At trial, Maria (A.G.’s mom) testified. She admitted to defense counsel that she did not like Garcia because Garcia would sometimes enter the bathroom without knocking while Maria was taking a shower. Maria also said that Garcia was always looking at her body. The prosecutor then asked if she thought Garcia was a lesbian. Before Maria answered, defense counsel for Garcia objected, “Relevance, speculation.” The judge sustained the objection.
Later in the trial, defense counsel moved for a mistrial, arguing that the prosecutor violated the court’s order by asking Maria if she thought Garcia was a lesbian. The court denied the motion.
Later in the trial, Maria’s sister took the stand. The prosecutor asked her if she had ever seen Garcia with a boyfriend. Defense counsel again objected, “relevance.” The court over ruled the objection and sister said no.

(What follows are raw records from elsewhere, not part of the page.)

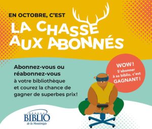 En octobre, les bibliothèques membres du Réseau Biblio Montérégie déploient le concours La chasse aux abonnés. Les citoyens d’Acton Vale, de Saint-Nazaire d’Acton et de Sainte-Christine peuvent donc participer. Abonnez-vous
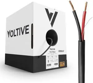 Voltive 14/2 Speaker Wire, Riser CL3R, Black, 500ft - 14AWG, 2 Conductors, Stranded Oxygen-Free Copper, UL Listed - V-1268-1
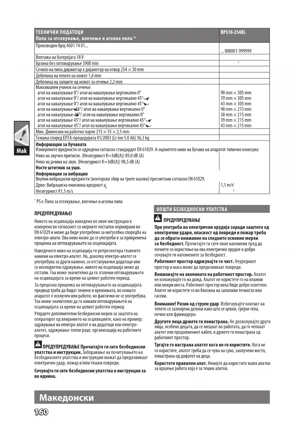 Сечило на пила дијаметар х дијаметар на отвор 254 × 30 mm Дебелина на телото на ножот 1,6 mm Дебелина на запците од ножот за сечење 2,2 mm Максимален учинок на сечење агол на навалување 0°/ агол на навалување вертикално 0° агол на навалување 0°/ агол на навалување вертикално 45° агол на навалување 0°/ агол на навалување вертикално 45° агол на навалување 45°/ агол на навалување вертикално 0° агол на навалување 45°/ агол на навалување вертикално 0° агол на навалување 45°/ агол на навалување вертикално 45° агол на навалување 45°/ агол на навалување вертикално 45° 90 mm × 305 mm 39 mm × 305 mm 43 mm × 305 mm 90 mm × 215 mm 50 mm × 215 mm 39 mm × 215 mm 43 mm × 215 mm Мин. Димензии на работно парче 215 × 35 × 2,5 mm Тежина според ЕПТА-процедурата 01/2003 (Li-Ion 5.0 Ah) 16,3 kg Информации за бучавата Измерените вредности се одредени согласно стандардот EN 61029. A-оценетото ниво на бучава на апаратот типично изнесува: Ниво на звучен притисок. (Несигурност K=3dB(A)) 89,0 dB (A) Ниво на јачина на звук. (Несигурност K=3dB(A)) 98,5 dB (A) Носте штитник за уши. Информации за вибрации Вкупни вибрациски вредности (векторски збир на трите насоки) пресметани согласно EN 61029. Дрво: Вибрациска емисиона вредност a
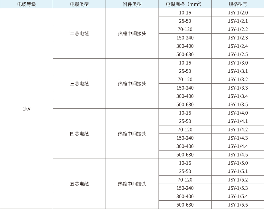2.“JSY-1/5.2”表示五芯热缩中间接头,额定电压为1kV适用于电缆截面为70-120mm2的五芯电缆。
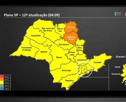 Com exceção das regiões de saúde de Ribeirão Preto e Franca, todas as demais regiões paulistas estão classificadas na fase AMARELA.

In her closing argument, the prosecutor pushed the issue even further, perhaps emboldened by the judge’s two enabling rulings in this regard. The prosecutor urged the jury to consider Garcia’s sexual orientation in deciding the truth of the charges. “Is Garcia attracted to women? Okay? She has the motive.” At this point the defense attorney again moved for a mistrial and the judge denied it.

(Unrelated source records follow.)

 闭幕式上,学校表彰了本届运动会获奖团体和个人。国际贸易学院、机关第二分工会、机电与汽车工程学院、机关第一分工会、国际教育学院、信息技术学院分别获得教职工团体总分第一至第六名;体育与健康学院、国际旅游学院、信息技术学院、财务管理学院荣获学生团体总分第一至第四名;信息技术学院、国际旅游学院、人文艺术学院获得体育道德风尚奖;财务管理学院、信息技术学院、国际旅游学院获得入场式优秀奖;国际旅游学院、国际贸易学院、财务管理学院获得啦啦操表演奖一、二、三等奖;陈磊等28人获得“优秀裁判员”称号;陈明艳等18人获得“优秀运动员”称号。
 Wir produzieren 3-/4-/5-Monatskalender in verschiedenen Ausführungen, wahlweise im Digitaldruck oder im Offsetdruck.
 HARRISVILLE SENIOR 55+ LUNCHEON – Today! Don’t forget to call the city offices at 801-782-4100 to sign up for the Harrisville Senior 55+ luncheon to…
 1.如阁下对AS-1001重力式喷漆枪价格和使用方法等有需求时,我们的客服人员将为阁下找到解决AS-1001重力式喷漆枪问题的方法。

The jury found Garcia guilty of continuous sexual abuse of a child and found true the allegation that she engaged in substantial sexual conduct. The court sentenced her to 16 years in state prison.

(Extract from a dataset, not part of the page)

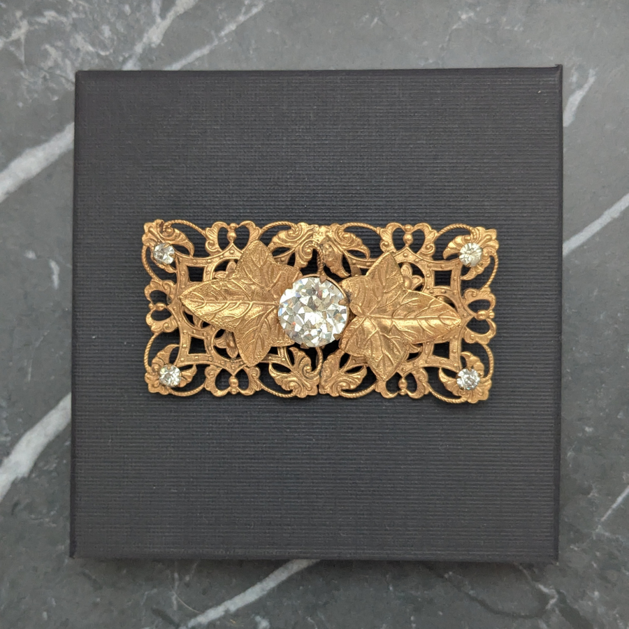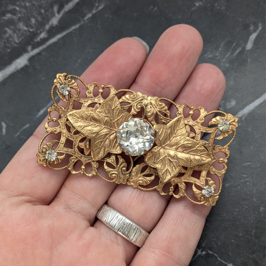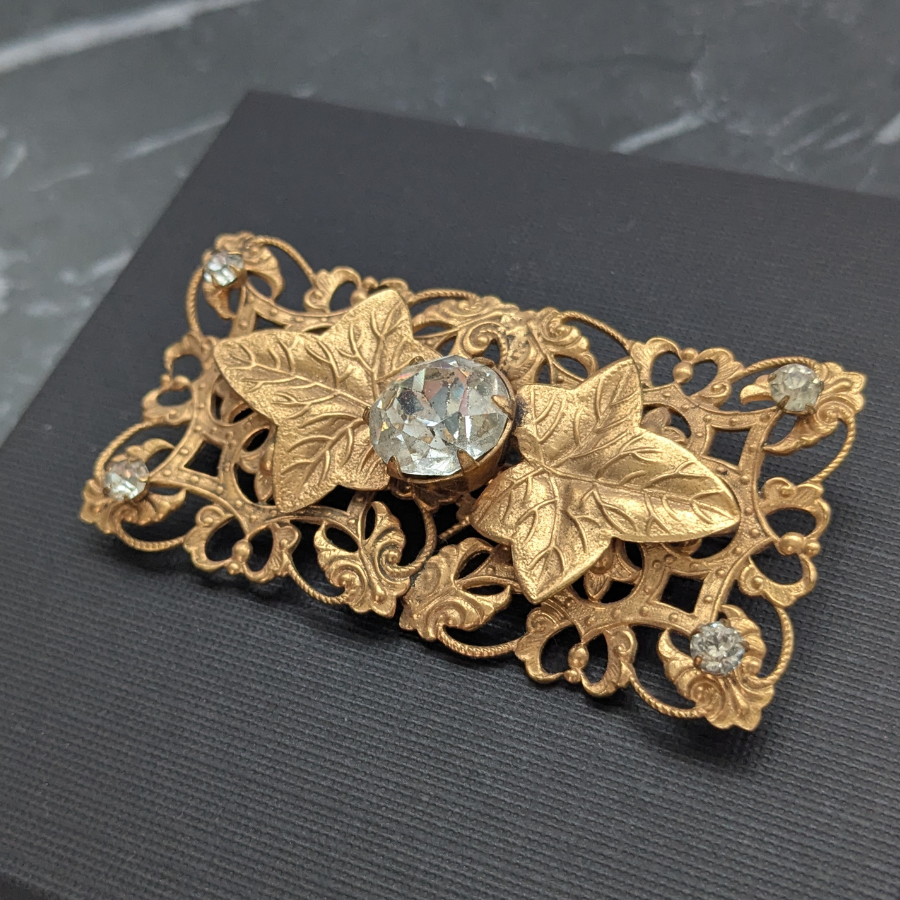 Stunning Art Deco brooch. Made from light gold tone metal and featuring clear glass rhinestones. The brooch is layered and has two ivy leaves on the top with a large clear glass stone in the centre. It is rectangular in shape.

Garcia appealed the verdict to the Fourth Appellate District arguing that the trial court erred in denying her requests for a mistrial.
The Fourth Appellate District began its analysis by stating the law on mistrial. “A motion for mistrial should only be granted when defendant’s chances of receiving a fair trial have been irretrievably damaged.” People v. Ayala (2000) 23 Cal. 4th 225, 282.
The prosecution opposed the appeal by noting that California courts have “long recognized” that a defendant’s sexual attraction to adults of the same sex has nothing to do with whether they are sexually attracted to children of the same sex.” People v. Giari (1956) 145 Cal. App.2d 539. Moreover, the modern understanding of pedophilia is that it often exists wholly independently from homosexuality.” The existence or absence of one neither establishes nor disapproves the other.” State v. Crotts (Ohio 2004) 820 N.E. 2d. 302, 306.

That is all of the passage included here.